Social solidarity, such as what she saw among the people in the queues, can be the beginning of freedom. The very name of Polish opposition to state-capitalism in 1980-81 was “Solidarity.” But it can get fixed and then transformed into its opposite. When Solidarity came to power in 1989, it was just an echo of 1980, and by now it is a complete travesty of that original impulse.

A different way to organize society appears spontaneously in many forms. Right now we are witnessing pretty fundamental, and totally unexpected, new social relations in Ukraine. The whole population—Ukrainians, Russians, Jews, men and women—rose up against Putin’s invasion and his attempted genocidal erasure of their national identity. National consciousness, that is not nationalism (as Frantz Fanon pointed out), can be a manifestation of the idea of freedom in the form of a new humanism.

The social solidarity we witness in Ukraine can become full freedom if it goes beyond its opposition to the immediate conditions, the Russian invasion, and derives its meaning from its own free association, its own social solidarity capable of challenging the internal barrier within capitalism: the abstraction of socially necessary labor time in things as the only objective window on reality and social existence.

This abstraction, which mediates our human relations and perception of reality, cannot be overcome by even the most profound economic analysis (like the theory of state-capitalism). Discovering that labor is the source of value could not get us out of capitalism, because for the economists who discovered it the only labor that “counts” is abstract labor measured in time attached to things humans create (the definition of fetishism).

A NEW SENSE OF OBJECTIVITY

“Abstract labor” is a total fiction. For Marx, objectivity is not this religious fetishistic belief. Objectivity emerges from human activity itself as humans engage an “external” nature, their “inorganic self.” Marx saw possibilities for such a new sense of objectivity to arise in multiple movements of his day: the Parisian workers in 1844, the slave revolts in America as well as the rising of serfs within Russia, and the self-organization of the 1871 Paris Commune. Every one of those movements clarified for him that a new social reality can emerge only when: 1) the masses create those new moments of social solidarity and 2) that they are recognized as a moment in the process of our development, the self-realization of the idea of freedom.[2] Freedom is not a goal, in the sense of something fixed, but the self-recognition of positive humanism, forever changing, unleashing human capacities in ourselves and in nature.

At every point in human history, freedom demands we face the power of the abstractions that mediate our reality and overcome their fixity. Today humanity is facing an absolute abyss.

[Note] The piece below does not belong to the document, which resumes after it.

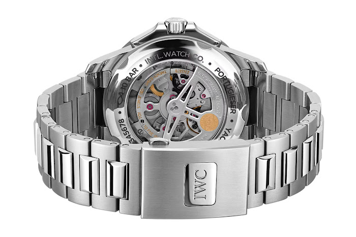 Zapestna ura, ki ponuja domiseln prikaz delovanja plime in oseke v kombinaciji z IWC-jevo značilno dvojno lunino meno za severno in južno poloblo, je bila prej na voljo le v rdečem zlatu z modro številčnico.
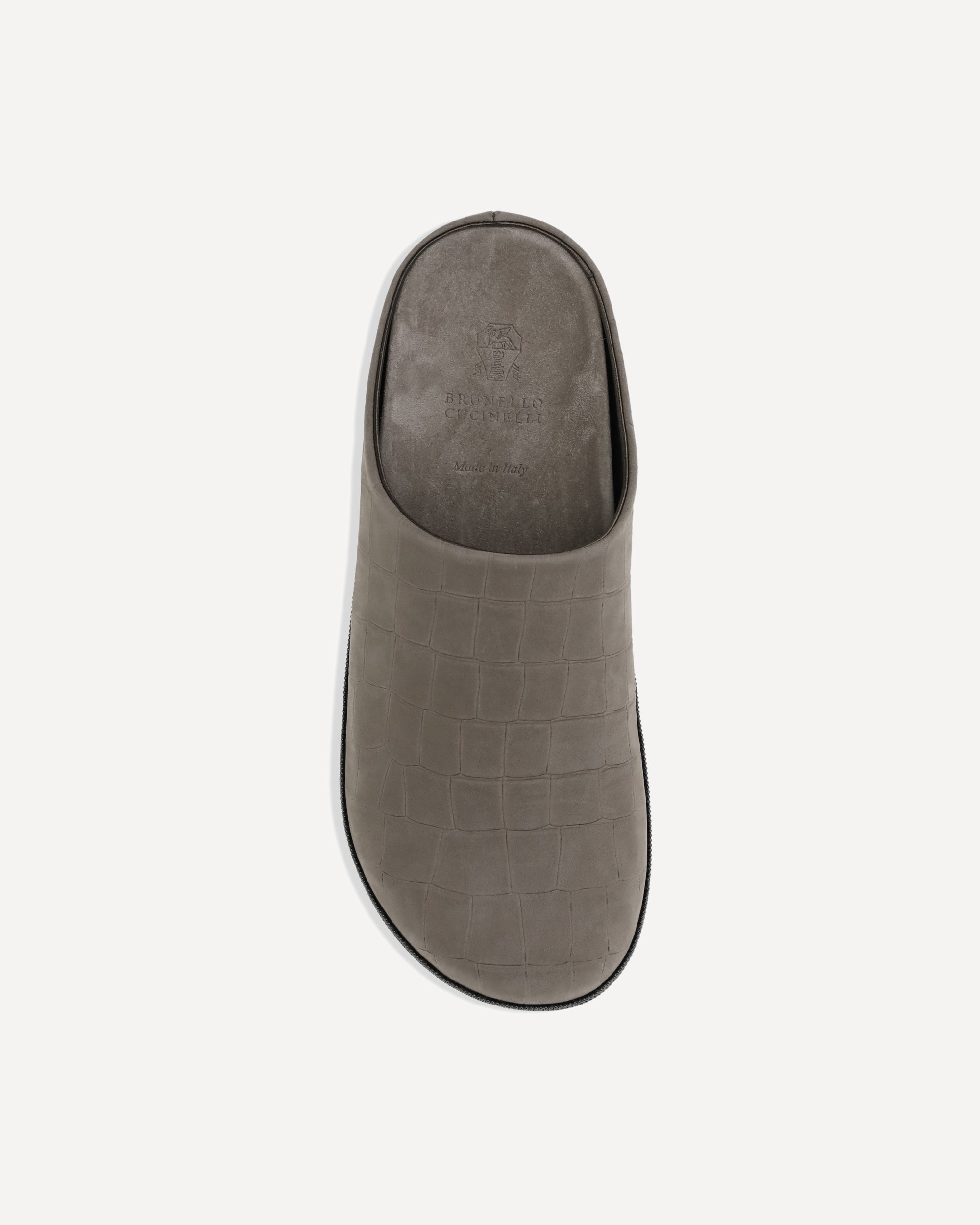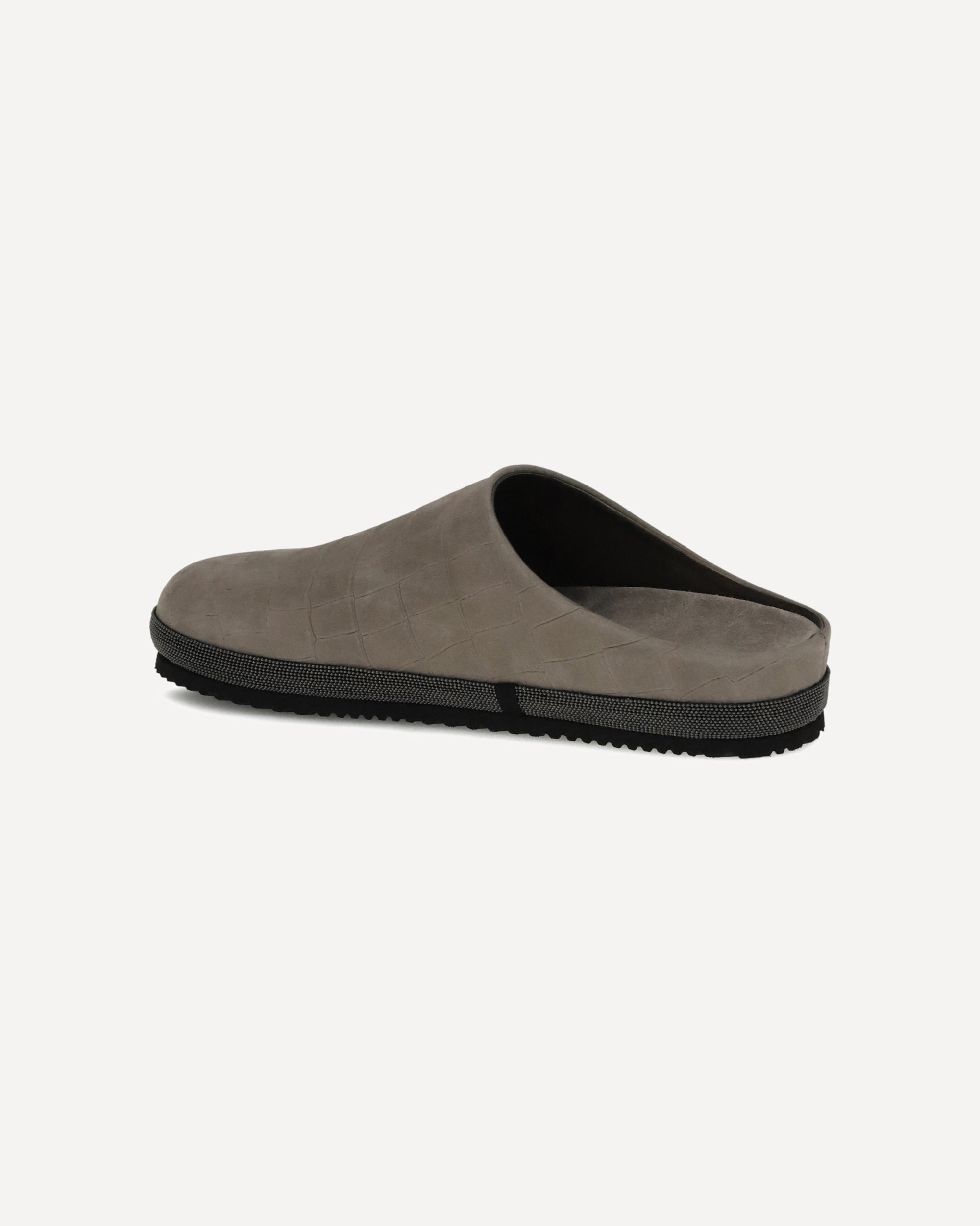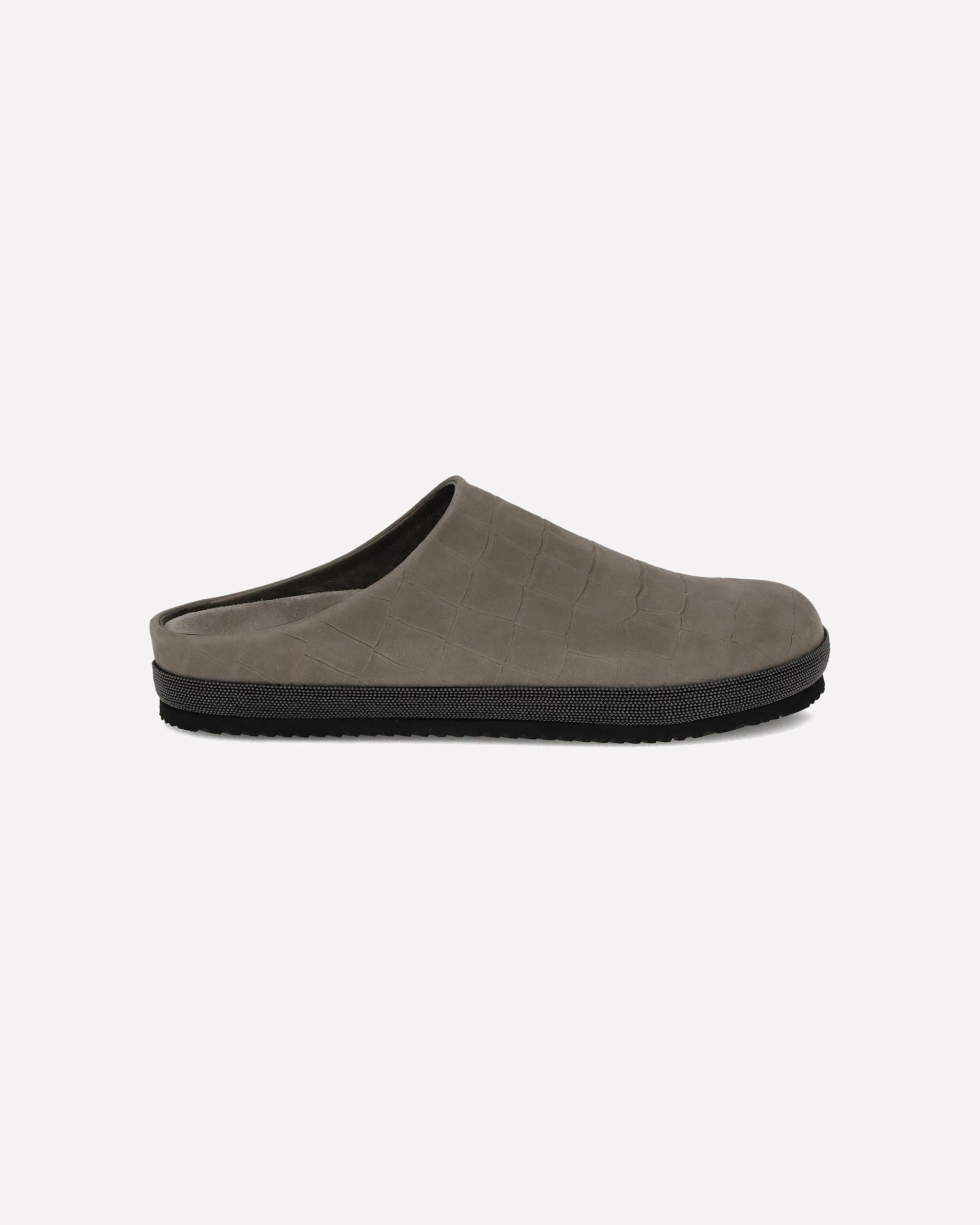 Brunello Cucinelli's leather Mules express understated elegance and careful craftsmanship. Featuring a refined croc-effect design, they have a rounded toe and a flat sole designed for maximum comfort. The distinctive touch is provided by the inserts of iconic shiny jewels along the profiles, which illuminate the silhouette with understated sophistication.

As the recent News & Letters essay cited above puts it:

“Ours is a time of extremes, a time of multiple total crises—ecological, economic, political, including a genocidal scapegoating of minorities, and multitudes crossing borders everywhere, searching for freedom and survival. Ours is also a time of widespread despair and hopelessness about the future in the face of a 1930s-style, globally stalled capital accumulation with its political devolution into other-hating fascism, fomenting new forms of genocide and ever new realignments for another round of total war…

“Dunayevskaya, who had long called ours an ‘age of absolutes,’ posed… a task for each generation to recreate the revolutionary dialectic anew and meet the challenge not only from practice but from the self-development of the Idea.”

The Marxist-Humanist theory of state-capitalism is no mere objective analysis of a new stage of capitalism. It is a return to the idea of freedom that shaped all of Marx’s work. Ypi’s turn to philosophy to reinvestigate freedom as a universal is another sign that realizing the idea of freedom, and recognizing its self-development, is the most concrete pathway to meeting the challenge of our time.


[1] “The Union of Soviet Socialist Republics Is a Capitalist Society” by Freddie James (Raya Dunayevskaya), Feb. 20, 1941

[2] “Marx’s Demystified Dialectic and the ‘New Society’” by Ron Kelch, News & Letters, Jan.-Feb. 2022.